↓↓↓
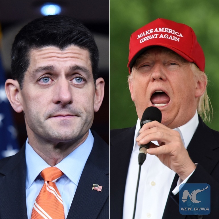 Combo photos show U.S. House Speaker Paul Ryan(L) speaking at a news conference at the U.S. Capitol in Washington D.C., the United States on Nov. 5, 2015, and Republican presidential candidate Donald Trump speaking to motorcyclists participating in Rolling Thunder parade in Washington D.C., the United States on May 29, 2016. U.S. Republican House SpeakerPaul Ryan announced on Thursday that he would vote for the presumptive Republican presidential nominee Donald Trump in November. (Xinhua/Yin Bogu)
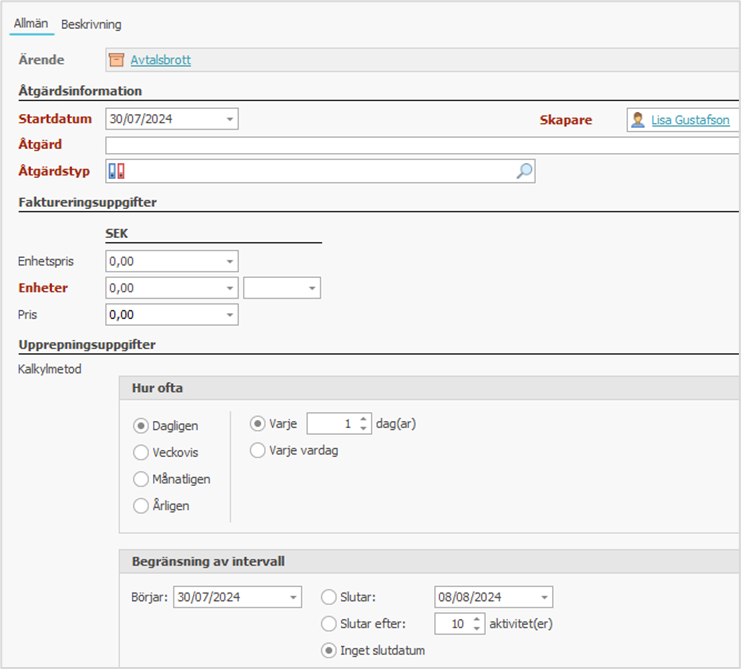 Definiera prenumerationsarvode för ett ärende
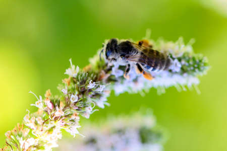 a large dangerous bee extracts nectar from the flowers of the plant peppermint
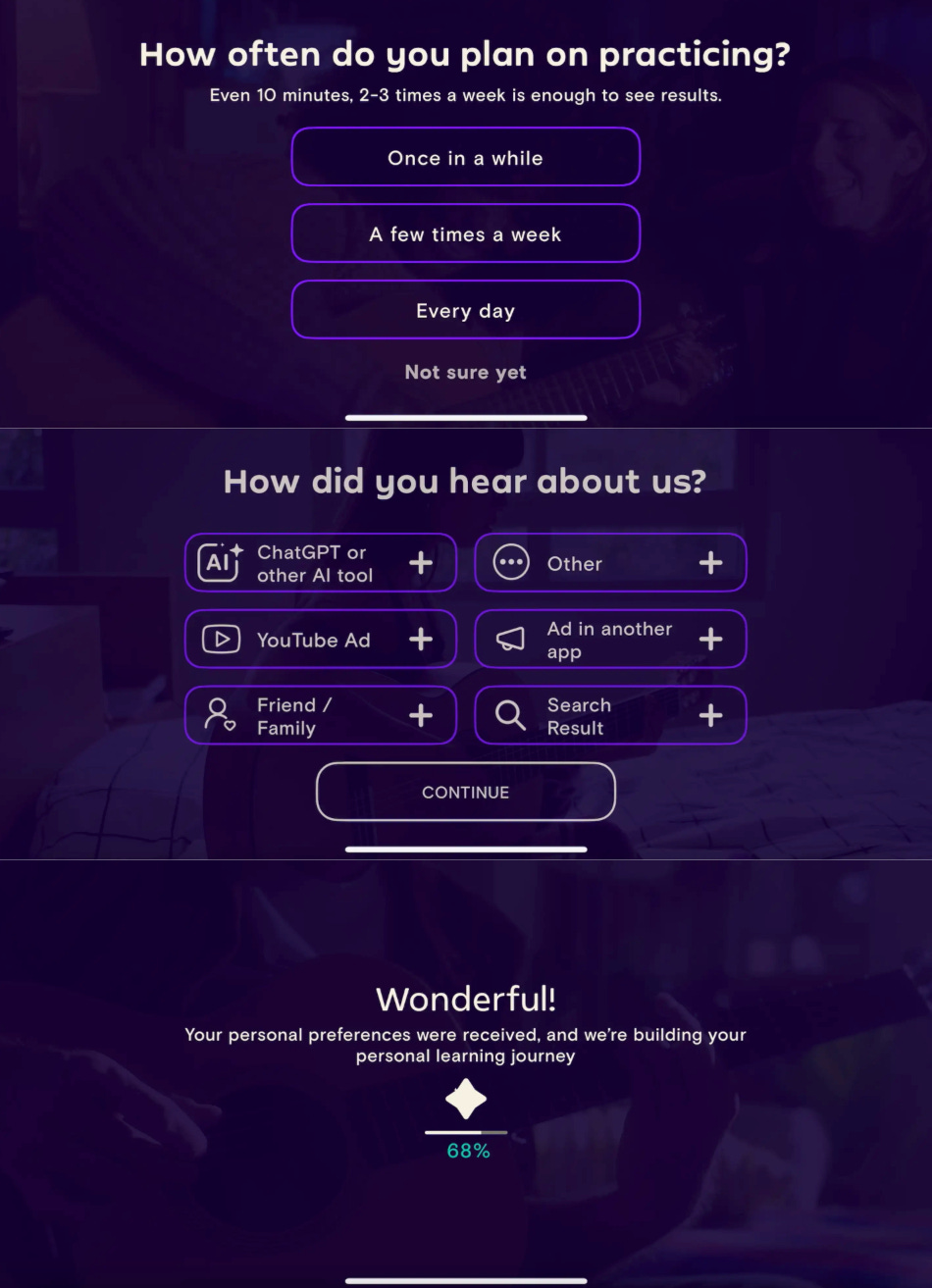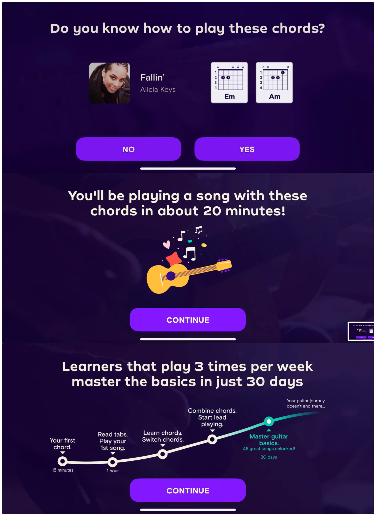 They don’t have a 50 screen onboarding flow, they have a few questions, and then get you into the first lesson.
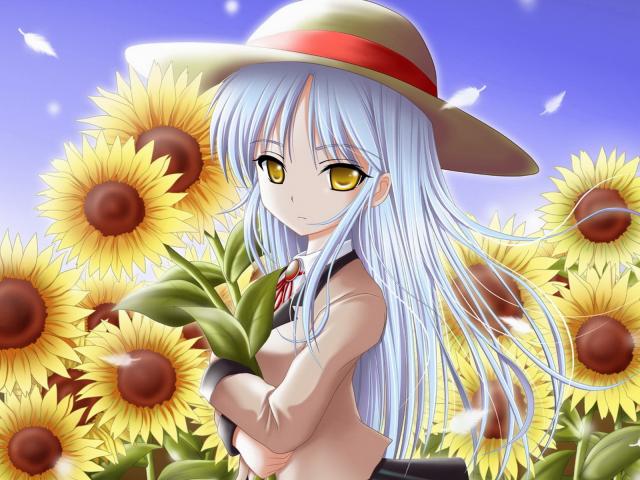 Wallpaper Girl among sunflowers
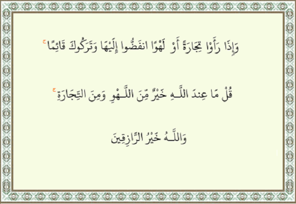 مهاجرین و انصار بهدنبال خرید و فروش رفتند و فقرایشان دنبال لهو و لعب؛ سوره جمعه هم جزء اولین سورههای نازل شده در مدینه نیست، یعنی صحابه چندین سال خدمت پیامبر اکرم بودند ولی باز هم در وسط کلام رسول خدا، ایشان را رها میکنند و سراغ خرید و فروش یا سرگرمی میروند.
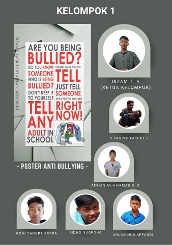 KELOMPOK 1 IRZAM T. A (KETUA KELOMPOK) ILYAS MIFTAKHUL J - POSTER ANTI BULLYING - AFRIAN MUHAMMAD R. S RONI CANDRA PUTRA RIDHO NUGROHO AHLAN NUR AFFANDI
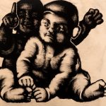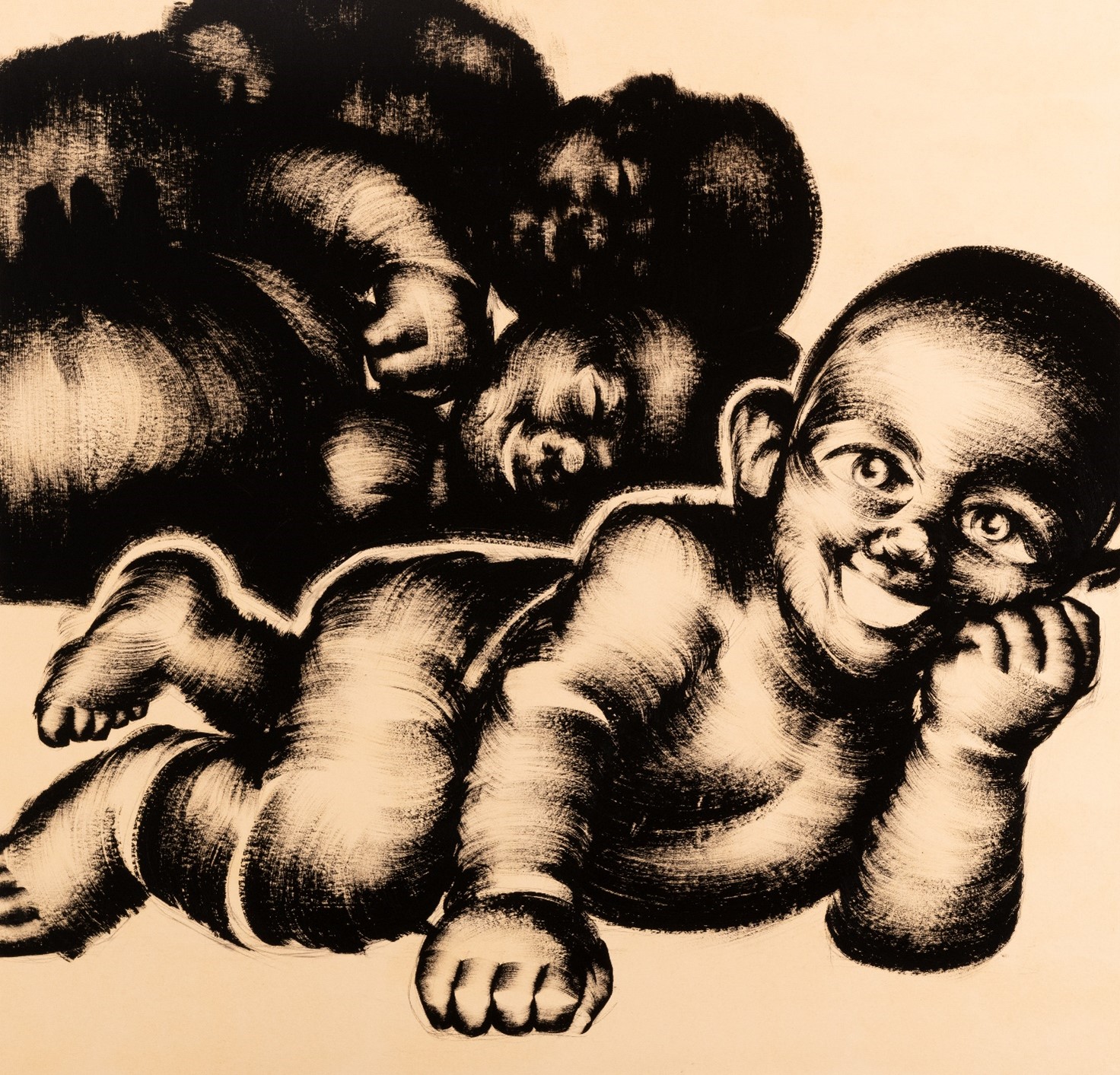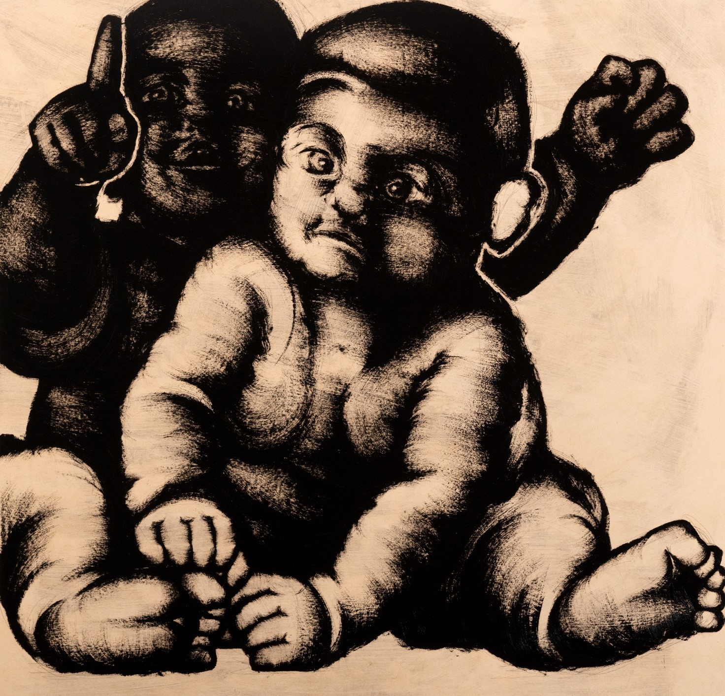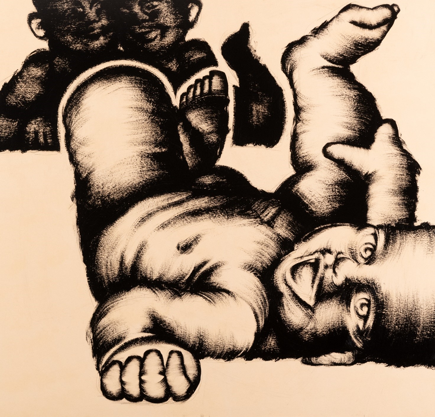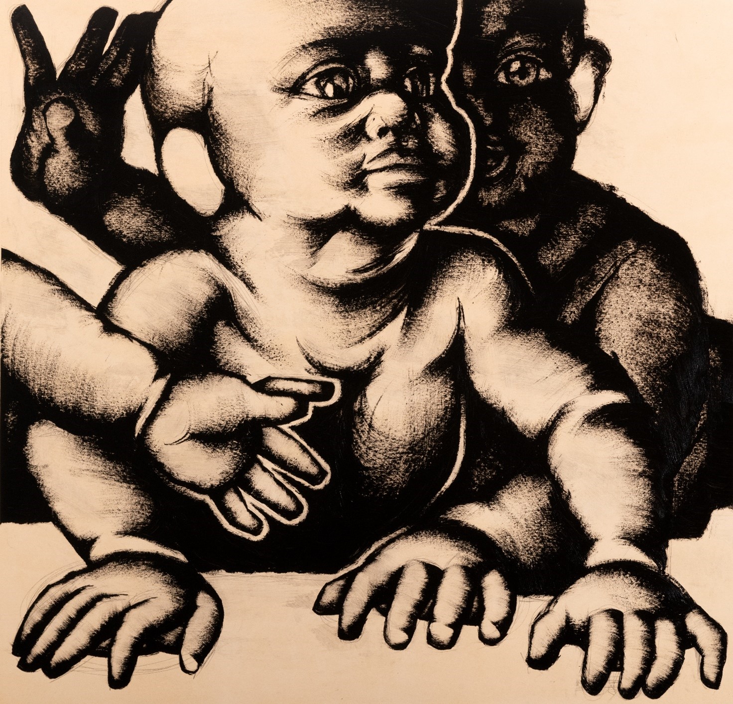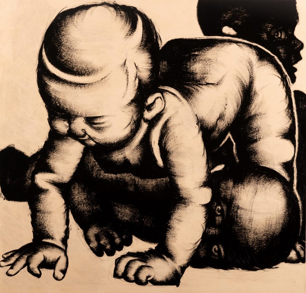 Lo stesso artista racconta di trovare ispirazione da maestri dalla forte carica drammatica ed espressiva quali Francis Bacon e Alberto Giacometti. Questa drammaticità viene da lui addolcita con sorrisi quasi beffardi che animano i suoi soggetti rappresentati infanti, spesso sorridenti, dall’espressione di adulto. Alcuni gattonano, altri sono già in posizione eretta ma dal passo ancora incerto. Il loro sorriso è solo apparente e inquietano lo spettatore in quanto non hanno una contentezza da bambino quasi ci fosse un marchio “genetico” che li ha resi già adulti nell’espressione nonostante non siano ancora cresciuti.
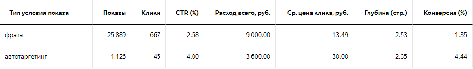 В предыдущем примере мы выставили цену за конверсию в 4-5 раз выше целевой. Было страшно, но рекламная кампания не давала трафик при меньшей цене. За РК приходилось следить каждый час, но чуда не произошло. Если аукцион перегрет и вы конкурируете с гигантскими бюджетами (например, в нише регистрации ООО уже давно крутят рекламу банки с высокими расходам на рекламу), то Яндексу банально выгоднее продавать такой трафик сразу по модели CPC, а не «дарить» его по оплате за лид, которого может и не быть.
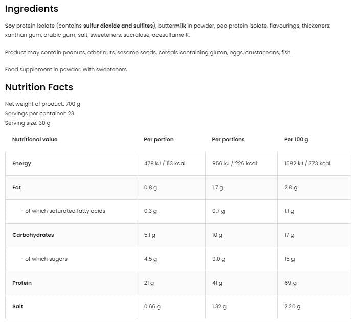Il frullato proteico di soia e piselli è la scelta perfetta per chi desidera aumentare l'apporto proteico in modo naturale. Questo prodotto offre una combinazione di proteine ​​vegetali che non solo aiutano a sviluppare la massa muscolare, ma forniscono anche l'energia necessaria per uno stile di vita attivo. L'assunzione regolare di proteine ​​aiuta a riparare i muscoli dopo l'esercizio fisico e può ridurre i tempi di recupero. Inoltre, è ricco di aminoacidi, che svolgono un ruolo chiave nel metabolismo e nel mantenimento del sistema immunitario.
↑↑↑
Work instructions
Everything above from the line containing "Definiera prenumerationsarvode för" down to the line containing "Wallpaper Girl among sunflowers" is to be duplicated exactly, both lines included, and the pictures are to be omitted.

Response area
 Definiera prenumerationsarvode för ett ärende
 a large dangerous bee extracts nectar from the flowers of the plant peppermint
 They don’t have a 50 screen onboarding flow, they have a few questions, and then get you into the first lesson.
 Wallpaper Girl among sunflowers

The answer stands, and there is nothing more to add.